/---

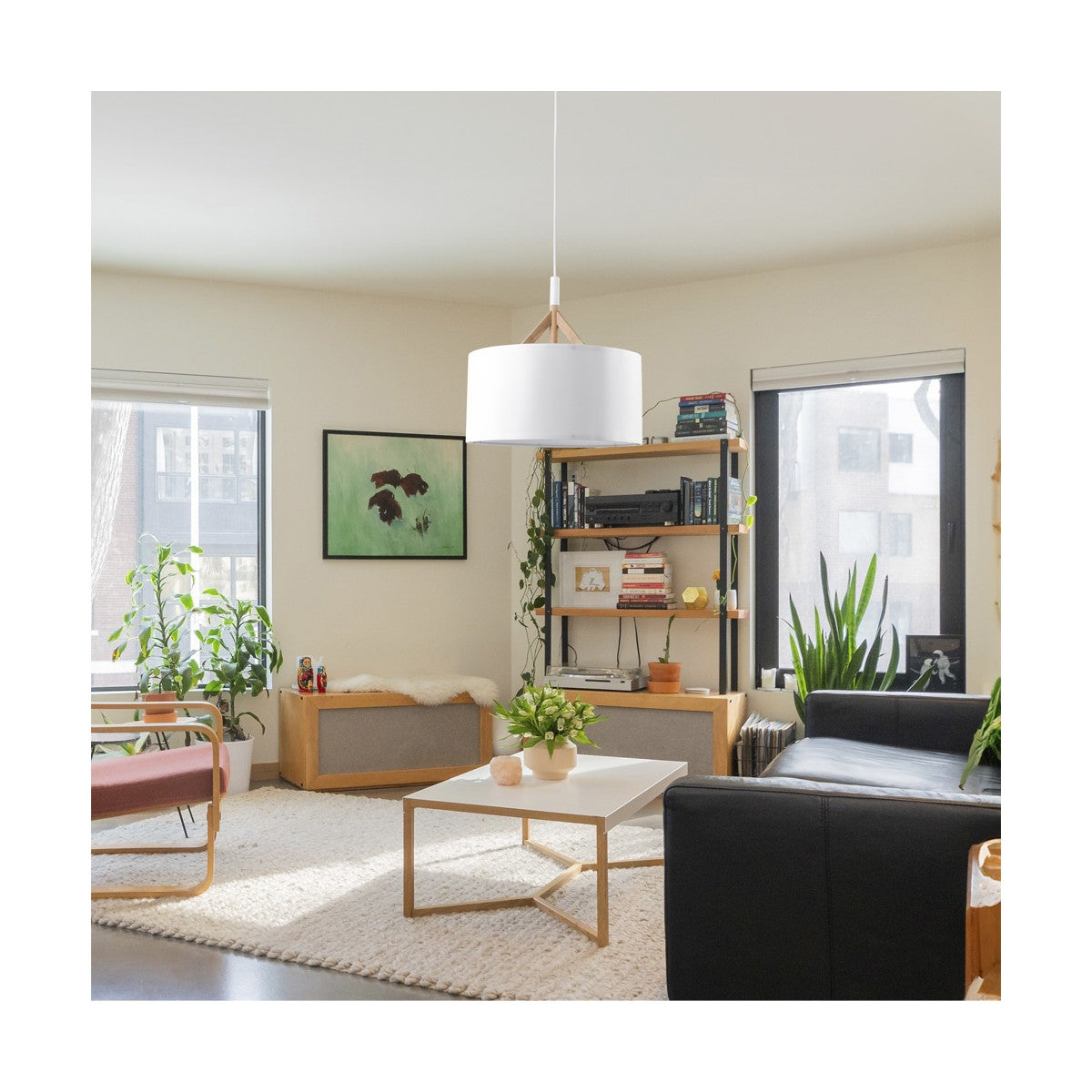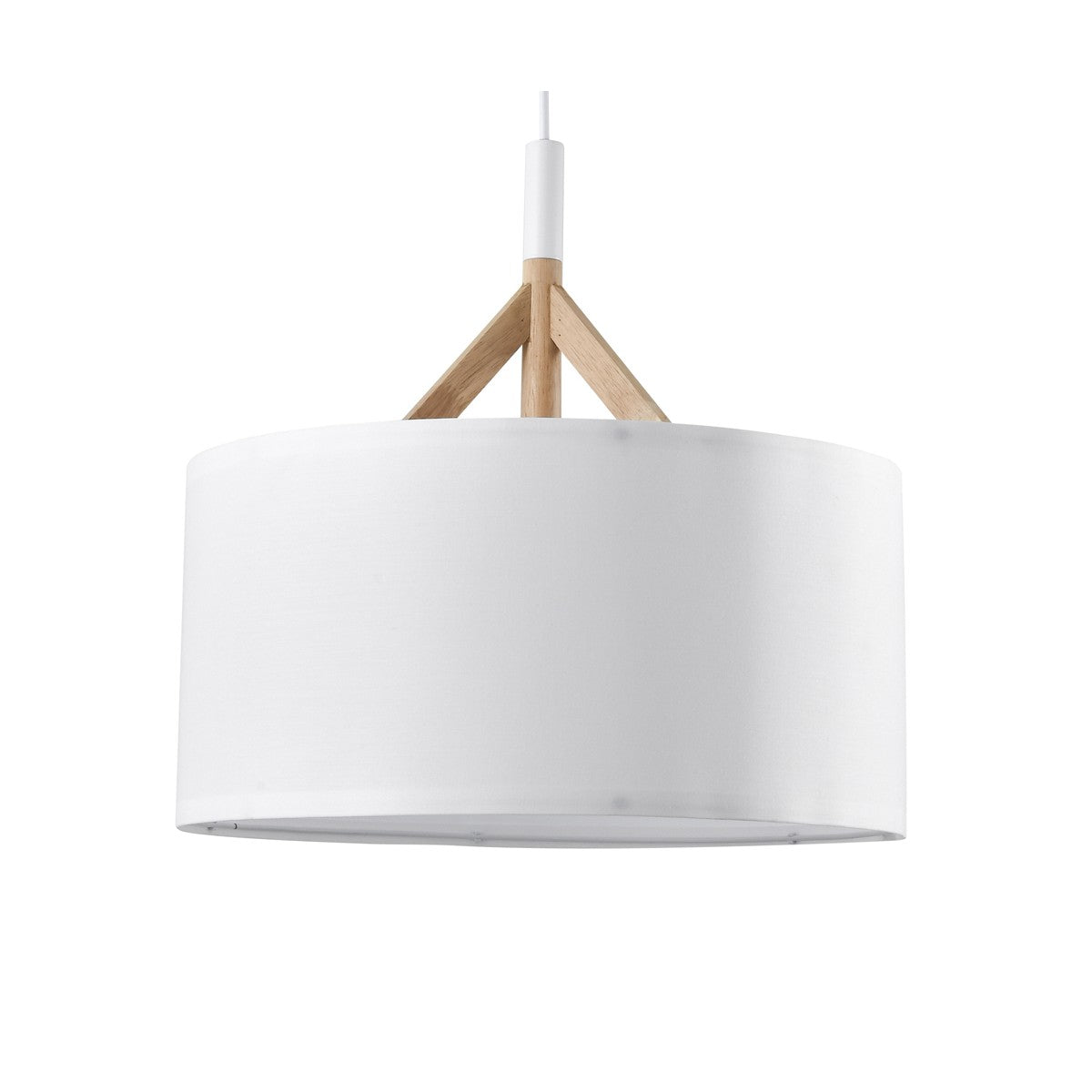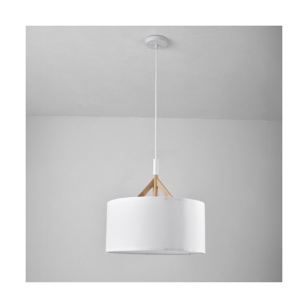 Lampada da soffitto in stile nordico con paralume in tessuto bianco e decorazione in legno sulla parte superiore. Perfetta per stanze con mobili in legno e toni scuri in sintonia. Dona un tocco scandinavo alla decorazione e all'illuminazione della tua casa. Diametro di 40cm o 30cm.
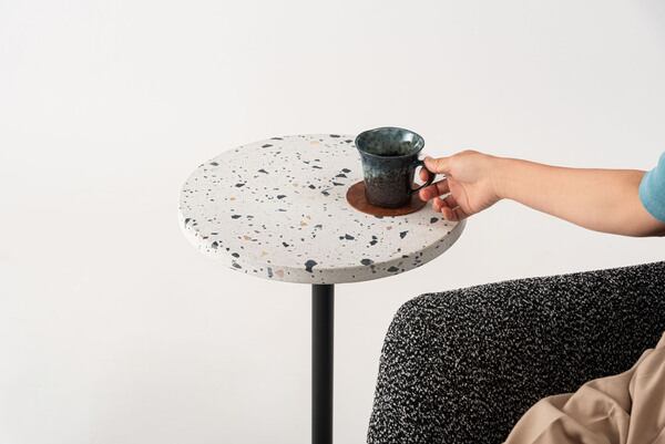 人造大理石(テラゾー)を使用したサイドテーブル。
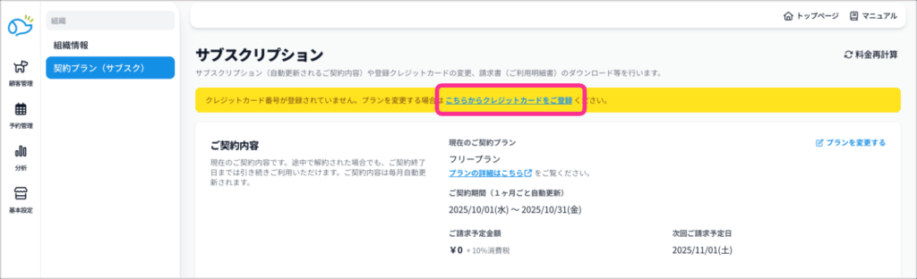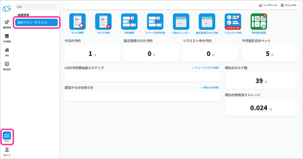 ❶サイドメニューのプランから「契約プラン(サブスク)」をクリック。
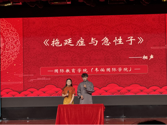 相声《拖延症与急性子》妙趣横生,两位演员说学逗唱,将生活中拖延症与急性子的碰撞,通过幽默的语言、生动的表演呈现,逗得台下观众捧腹大笑,笑声、掌声不断,把晚会氛围推向又一高潮。
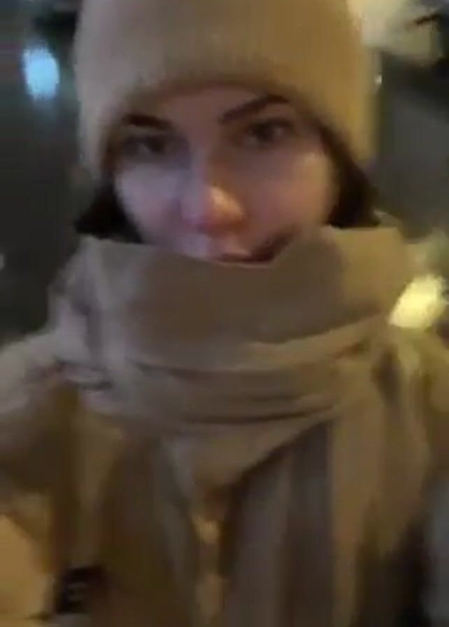 A person wearing a beige beanie, a large beige scarf covering most of their face, and a tan jacket is walking down a street at night. The street appears wet, possibly from rain, and there are buildings and streetlights visible in the background. A truck is parked near the edge of the frame. The person appears to be recording themselves.
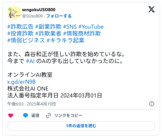 AI ONEは怪しい?森谷和正と会社の実態を本音で見てみた
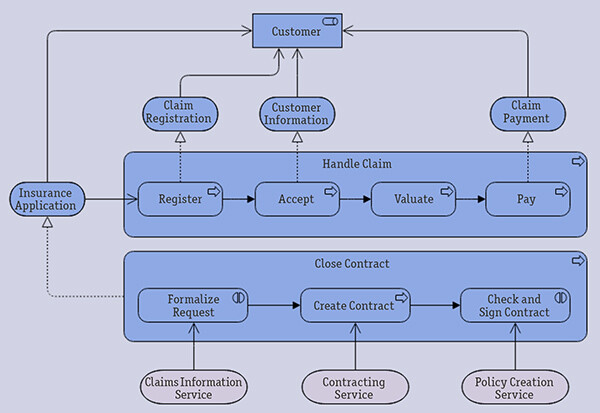 Интуитивная понятность. Интуитивная понятность не относится к сильным сторонам ArchiMate. На рис. 10 и 11 показаны модели одного и того же процесса в ArchiMate и BPMN.

\---

Problem statement
Each line from the one bearing "人造大理石(テラゾー)を使用したサイドテーブル。" through the final line of the records is to be copied exactly, and no pictures are to be included.

Task output
 人造大理石(テラゾー)を使用したサイドテーブル。
 ❶サイドメニューのプランから「契約プラン(サブスク)」をクリック。
 相声《拖延症与急性子》妙趣横生,两位演员说学逗唱,将生活中拖延症与急性子的碰撞,通过幽默的语言、生动的表演呈现,逗得台下观众捧腹大笑,笑声、掌声不断,把晚会氛围推向又一高潮。
 A person wearing a beige beanie, a large beige scarf covering most of their face, and a tan jacket is walking down a street at night. The street appears wet, possibly from rain, and there are buildings and streetlights visible in the background. A truck is parked near the edge of the frame. The person appears to be recording themselves.
 AI ONEは怪しい?森谷和正と会社の実態を本音で見てみた
 Интуитивная понятность. Интуитивная понятность не относится к сильным сторонам ArchiMate. На рис. 10 и 11 показаны модели одного и того же процесса в ArchiMate и BPMN.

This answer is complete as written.